La pandemia del nuevo coronavirus en Venezuela ha resucitado en cuestión de un mes el panorama de desestabilización económica aguda de tiempos anteriores.
La estampida del dólar paralelo y en consecuencia los altos precios en los anaqueles, vuelven a convertirse en los factores determinantes de un escenario de enorme dificultad económica para el país en el corto y mediano plazo.
A diferencia de los ciclos de desabastecimiento de 2015 y 2016 y de hiperinflación sistemática de 2017 y 2018, el cortocircuito de la economía venezolana, en esta oportunidad, viene de la mano de este evento externo e impredecible, acompañado por sus efectos destructivos sobre los precios mundiales del petróleo y el comercio internacional.
Como efecto inmediato, la pandemia ha interrumpido de golpe el frágil equilibrio de poder que había construido el Gobierno venezolano con los actores económicos privados desde principios de este año, lo que trajo consigo la estabilización del precio del dólar, la movilidad de la actividad económica (sobre todo comercial) a partir del flujo de divisas provenientes de las remesas y cierto grado de alivio comparado con el caos de años anteriores.

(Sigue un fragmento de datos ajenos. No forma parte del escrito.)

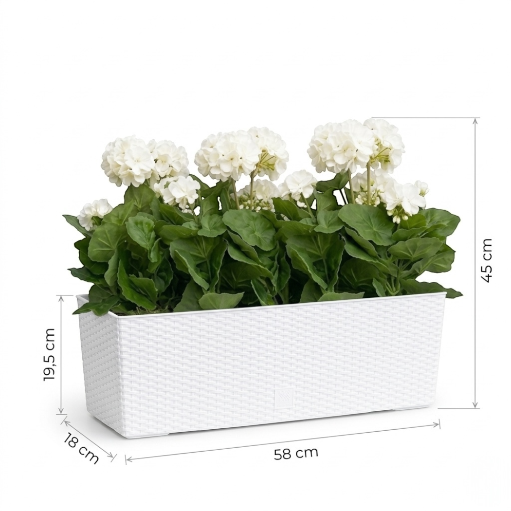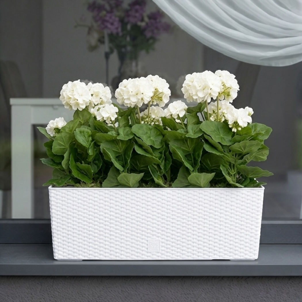 Elegancka kompozycja z białej pelargonii osadzona w prostokątnej donicy o strukturze plecionki to ponadczasowa dekoracja, która wprowadza świeżość i harmonię do każdej przestrzeni. Jasne kwiaty w połączeniu z intensywną zielenią liści tworzą naturalny, lekki efekt idealny do nowoczesnych i klasycznych aranżacji. Dzięki wydłużonej formie donicy kompozycja świetnie sprawdzi się na parapecie, balkonie lub jako dekoracja stołu czy balustrady.

Al mismo tiempo, Estados Unidos ha aprovechado la pandemia para radicalizar su guerra híbrida contra Venezuela (un tema bastante bien explicado por Arantxa Tirado en su último artículo), mientras el Gobierno venezolano se concentra en sofocar la curva de contagios del Covid-19.
Como viene diciendo el Departamento de Estado de EEUU desde el año 2018, “las sanciones están funcionando”.
Y la realidad ofrece el testimonio vivo de esa afirmación: el país se ha quedado con inventarios mínimos de gasolina, el dinero robado a la República a manos del Departamento del Tesoro de EEUU se está distribuyendo entre la capa gerencial del golpe continuado, mientras que las importaciones e ingresos petroleros de los que depende el país están en el piso como nunca antes en su historia reciente.
Con sus últimos movimientos, encuadrados en el despliegue militar “antinarcóticos” y una sobredosis de sanciones ilegales, la Administración Trump está exhibiendo su interés de transformar el Covid-19 en un instrumento artillado de la confrontación contra Venezuela.
La intención es llevar al país a un clima de tensión social y política extrema que genere las condiciones para una nueva escaramuza golpista, a medida que el endurecimiento del bloqueo hace su trabajo complicando la gestión sanitaria y económica de la pandemia.
Dado que no está garantizado el éxito de este nuevo cálculo macabro de la Casa Blanca, mientras tanto han instrumentalizado la cuestión venezolana para distraer la atención, lo más posible, del caos social y sanitario que va propiciando la pandemia fronteras adentro del territorio estadounidense. Esto lo confirma nada más y nada menos que la revista gringa Newsweek.
Por primera vez en la onda corta del conflicto por el control (geo)político de Venezuela, Washington recrudece sus maniobras para derrocar al chavismo mientras se encuentra a la deriva como Estado-nación y potencia mundial.
Han comenzado los ruidos de secesión, los aspavientos de guerra civil y estallido social frente al desempleo crónico, la pila de muertos y la desigualdad crítica que esté dejando la pandemia. Este cuadro de colapso sistémico ha provocado que el liderazgo estadounidense en el sistema internacional se vaya erosionando, generando las condiciones de inestabilidad, caos e incertidumbre que han llevado consigo las grandes transiciones geopolíticas en los últimos cinco siglos.
A las dificultades materiales del país en medio de estas condiciones inéditas e incontrolables, se suman las dificultades ideológicas para comprender el marco de la situación actual. Hay una sensación de vacío y pérdida de las coordenadas ideológicas que solían explicar nuestra realidad de forma coherente, sobre todo desde la izquierda. Pero va más allá.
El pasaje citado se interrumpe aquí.